DATA PROVIDED:
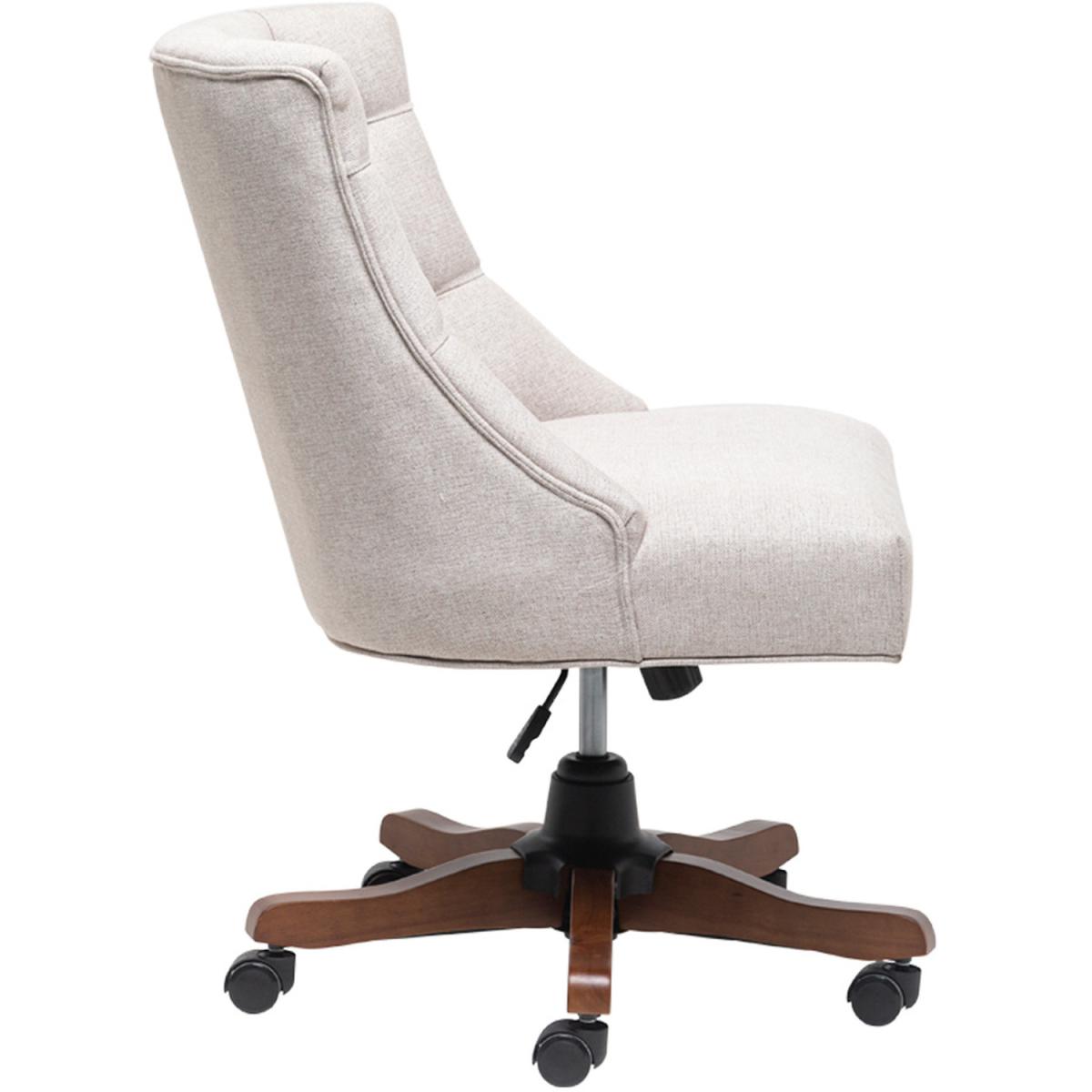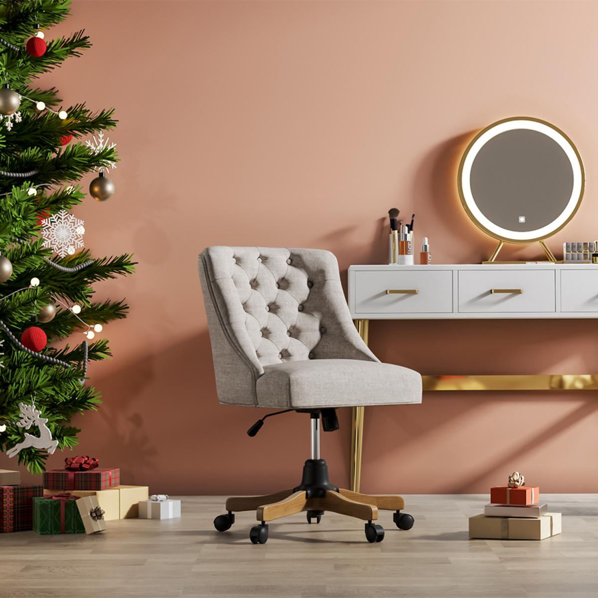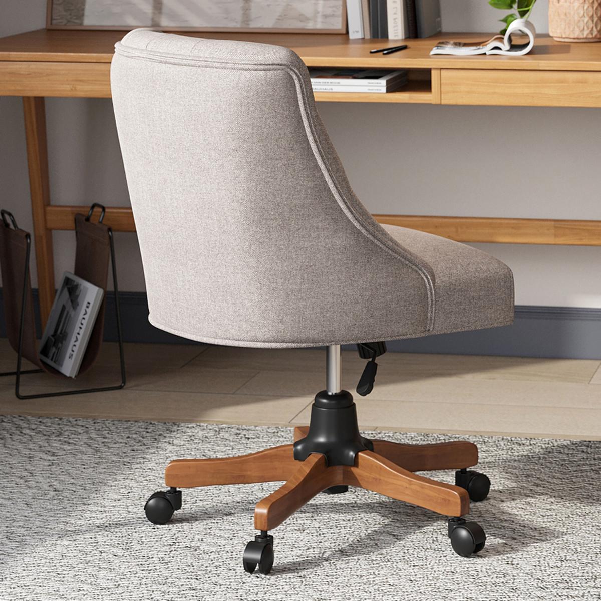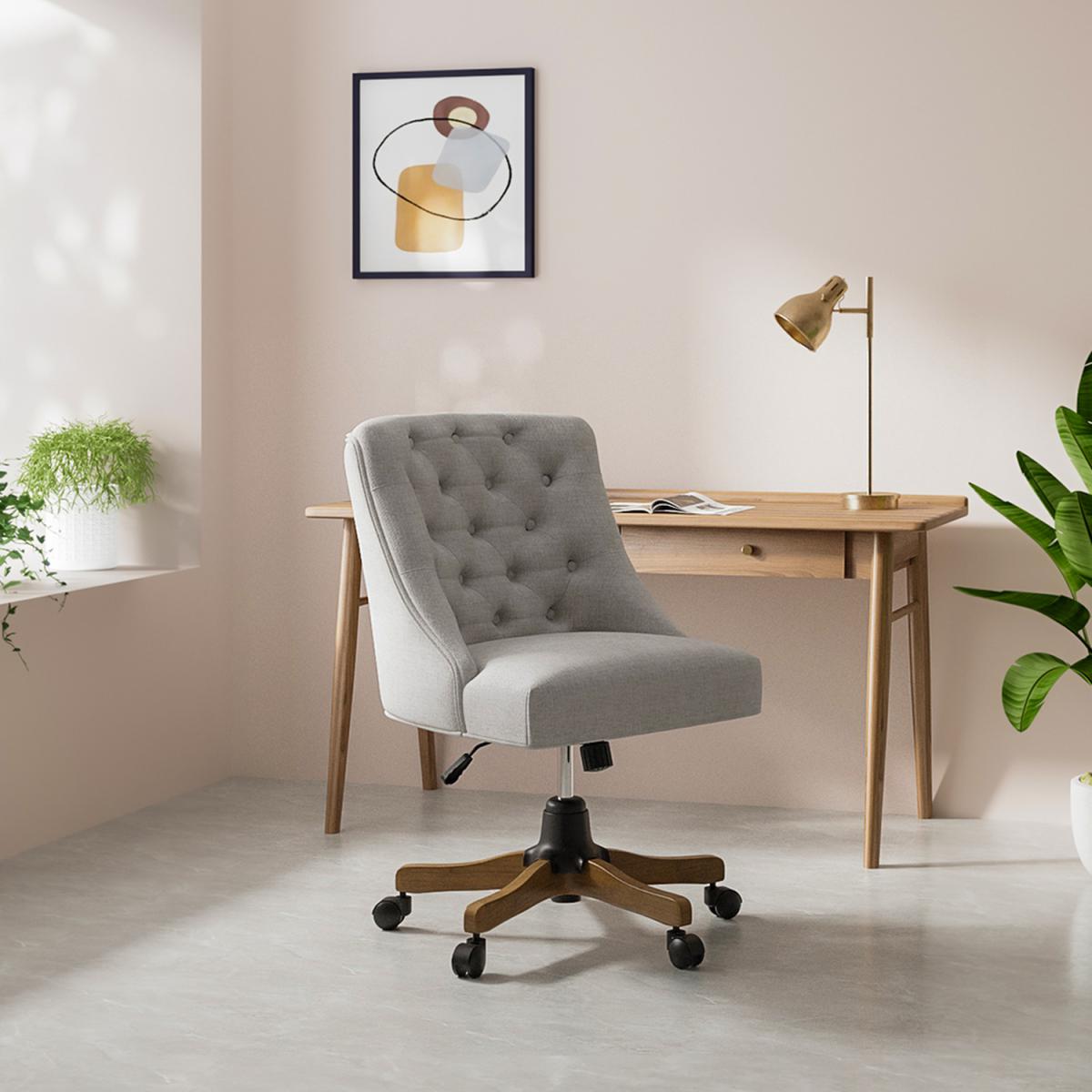The mid-back executive office chair offers reliable back support for daily use. It stands on metal wooden legs, which not only has excellent stability but also adds to the modern style of the chair. Wrapped in soft microfibre with sponge padding to extend comfort, the seat is etched with a button and square design for style. This revolving computer chair stands on 5 noise-cancelling casters, all made of high-quality plastic and rubber and capable of multi-directional running. You can also easily adjust the height, allowing you to sit at a level that is best for you. Whether it is placed in the office or in the home, you will have instantly made the right choice.
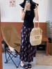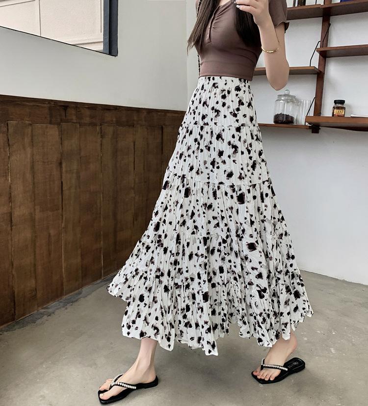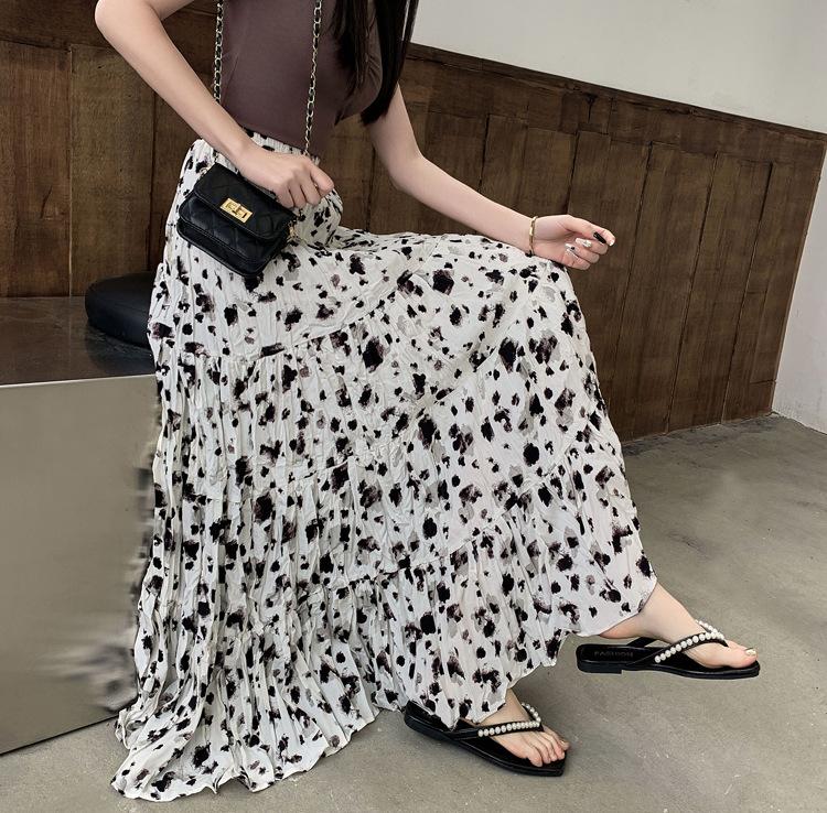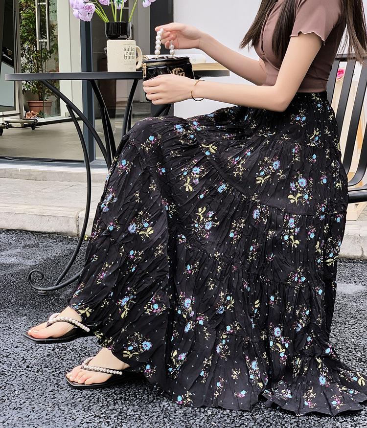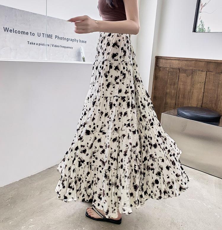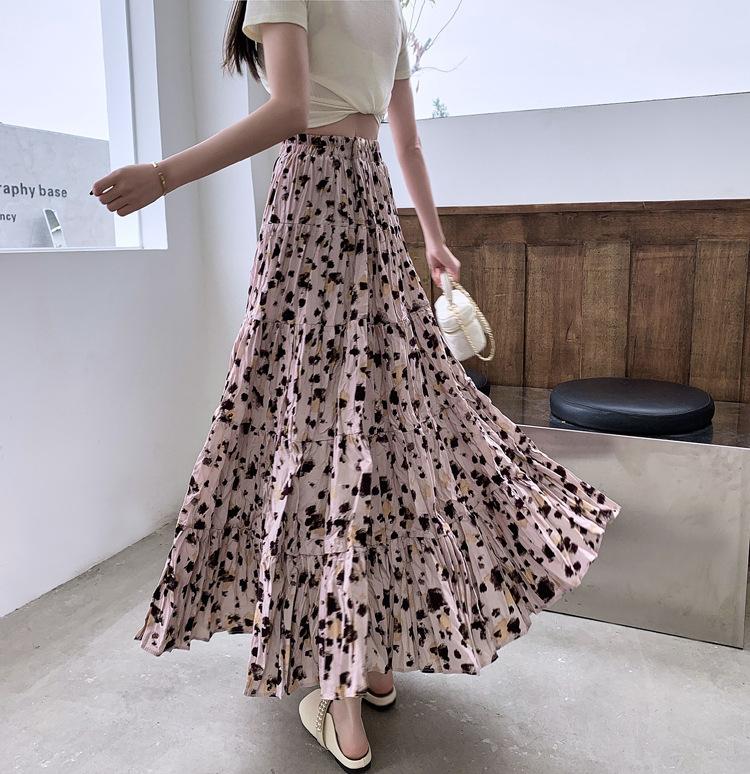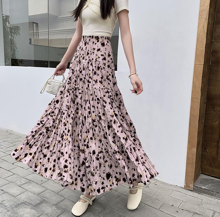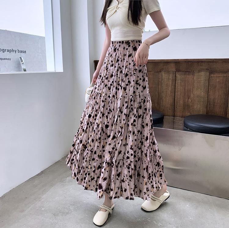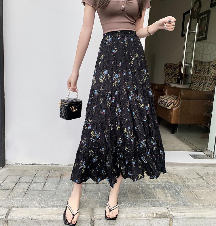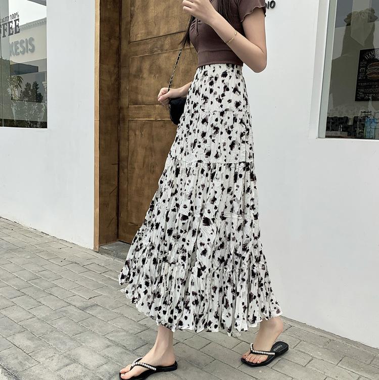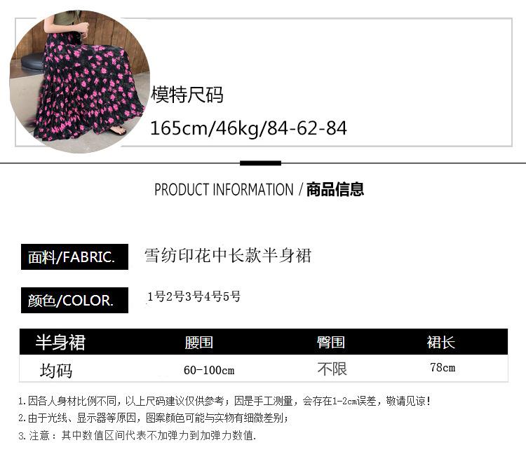 Falda midi plisada estilo francés retro con costuras florales de gran vuelo en chifón estampado plisado de cintura alta falda larga 2024
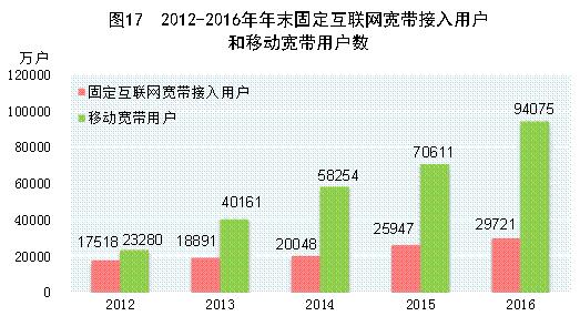 全年完成郵電業務總量[30]43344億元,比上年增長52.7%。其中,郵政行業業務總量7397億元,增長45.7%;電信業務總量35948億元,增長54.2%。郵政業全年完成郵政函件業務36.2億件,包裹業務0.3億件,快遞業務量312.8億件;快遞業務收入3974億元。電信業全年新增移動電話交換機容量[31]7318萬戶,達到218384萬戶。年末全國電話用戶總數152856萬戶,其中移動電話用戶132193萬戶。移動電話普及率上升至96.2部/百人。固定互聯網寬帶接入用戶[32]29721萬戶,比上年增加3774萬戶,其中固定互聯網光纖寬帶接入用戶[33]22766萬戶,比上年增加7941萬戶;移動寬帶用戶[34]94075萬戶,增加23464萬戶。移動互聯網接入流量93.6億G,比上年增長123.7%。互聯網上網人數7.31億人,增加4299萬人,其中手機上網人數[35]6.95億人,增加7550萬人。互聯網普及率達到53.2%,其中農村地區互聯網普及率達到33.1%。軟件和信息技術服務業[36]完成軟件業務收入48511億元,比上年增長14.9%。

TO DO:
What is needed is a verbatim copy of the material, minus its pictures.

RESPONSE FOR THIS EXERCISE:
The mid-back executive office chair offers reliable back support for daily use. It stands on metal wooden legs, which not only has excellent stability but also adds to the modern style of the chair. Wrapped in soft microfibre with sponge padding to extend comfort, the seat is etched with a button and square design for style. This revolving computer chair stands on 5 noise-cancelling casters, all made of high-quality plastic and rubber and capable of multi-directional running. You can also easily adjust the height, allowing you to sit at a level that is best for you. Whether it is placed in the office or in the home, you will have instantly made the right choice.
 Falda midi plisada estilo francés retro con costuras florales de gran vuelo en chifón estampado plisado de cintura alta falda larga 2024
 全年完成郵電業務總量[30]43344億元,比上年增長52.7%。其中,郵政行業業務總量7397億元,增長45.7%;電信業務總量35948億元,增長54.2%。郵政業全年完成郵政函件業務36.2億件,包裹業務0.3億件,快遞業務量312.8億件;快遞業務收入3974億元。電信業全年新增移動電話交換機容量[31]7318萬戶,達到218384萬戶。年末全國電話用戶總數152856萬戶,其中移動電話用戶132193萬戶。移動電話普及率上升至96.2部/百人。固定互聯網寬帶接入用戶[32]29721萬戶,比上年增加3774萬戶,其中固定互聯網光纖寬帶接入用戶[33]22766萬戶,比上年增加7941萬戶;移動寬帶用戶[34]94075萬戶,增加23464萬戶。移動互聯網接入流量93.6億G,比上年增長123.7%。互聯網上網人數7.31億人,增加4299萬人,其中手機上網人數[35]6.95億人,增加7550萬人。互聯網普及率達到53.2%,其中農村地區互聯網普及率達到33.1%。軟件和信息技術服務業[36]完成軟件業務收入48511億元,比上年增長14.9%。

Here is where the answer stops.